The European Union has scaled back its plan to leverage frozen Russian assets for a loan to Ukraine, reducing the target from $186 billion to approximately $105 billion over the next two years.

This was reported by The Wall Street Journal.

The reduction aims to address two key issues: assuaging concerns in Belgium, where the majority of the assets are held, and maintaining a financial reserve for the Trump administration to potentially utilize during future peace negotiations.

According to a leaked 28-point peace plan from the Trump administration—reportedly developed with Russian input—$100 billion of these assets were designated for a U.S. investment plan to rebuild Ukraine, with the remainder allocated to joint U.S.-Russian economic projects. European officials have rejected this proposal.

"With today’s proposals, we will provide Ukraine with the means to defend itself and to negotiate peace from a position of strength," stated European Commission President Ursula von der Leyen.

A five-hour meeting between U.S. special envoy Steve Witkoff and Vladimir Putin at the Kremlin on Tuesday yielded no breakthrough.

The EU holds approximately $245 billion in sanctioned Russian central bank assets, while another $55 billion is frozen in the U.S. and other nations.

The loan mechanism stipulates that the EU lends the assets to Ukraine, while Belgium-based Euroclear, which holds two-thirds of the funds, receives a guarantee of indemnification should it be forced to return the money to Russia.

According to IMF estimates, the €90 billion in tranches over two years would cover two-thirds of Ukraine's financing gap for 2026-2027. EU officials project that Ukraine could face a liquidity crisis by spring.

If the proposal is approved, more than €100 billion of Russian assets in the EU would remain untouched a year from now—preserving a potential lever for Europe in a peace process from which it has largely been sidelined.

The EU's decision to trim the loan must be viewed in the context of Trump's 28-point peace plan, which envisions using $100 billion of frozen Russian assets for U.S. investment schemes and joint U.S.-Russian projects.

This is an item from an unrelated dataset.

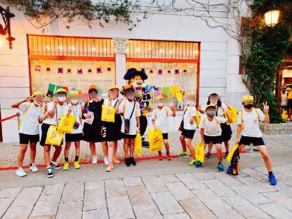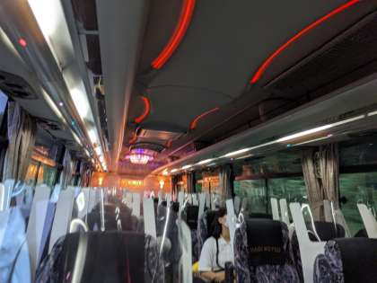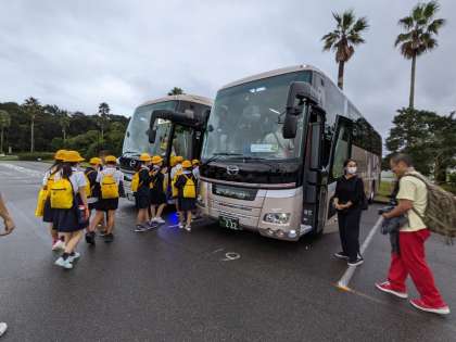 スペイン村を出発し、宿舎へ向かいます。手指消毒をしてからバスに乗りました。

Analyst Yuriy Romanenko notes that this plan was drafted without Ukrainian or European participation; Kyiv and Brussels were presented with a ready-made architecture reminiscent of Czechoslovakia at Munich in 1938. European diplomats have repeatedly pointed to frozen assets as a key lever to ensure EU interests are considered in negotiations.

Belgium remains the primary obstacle to more ambitious plans regarding Russian assets. Prime Minister Bart De Wever has set three conditions: a clear legal basis, full risk-sharing among all EU nations, and synchronized action by all states holding frozen Russian assets. The Euroclear depository, holding roughly €190 billion in Russian funds, has threatened legal action in the event of asset confiscation, emphasizing the critical importance of trust and reputation for financial market stability.

The "reparation loan" mechanism developed by the EU in recent months provides that Ukraine will repay the funds only after receiving reparations from Russia. The scheme utilizes approximately €176 billion in cash accumulated from Russian bonds at Euroclear, while the sovereign assets themselves are not confiscated—they are to be returned once sanctions are lifted. Scaling the plan back to €90 billion allows over €100 billion to be kept in reserve—serving both as insurance for Belgium and a potential bargaining chip with the Trump administration.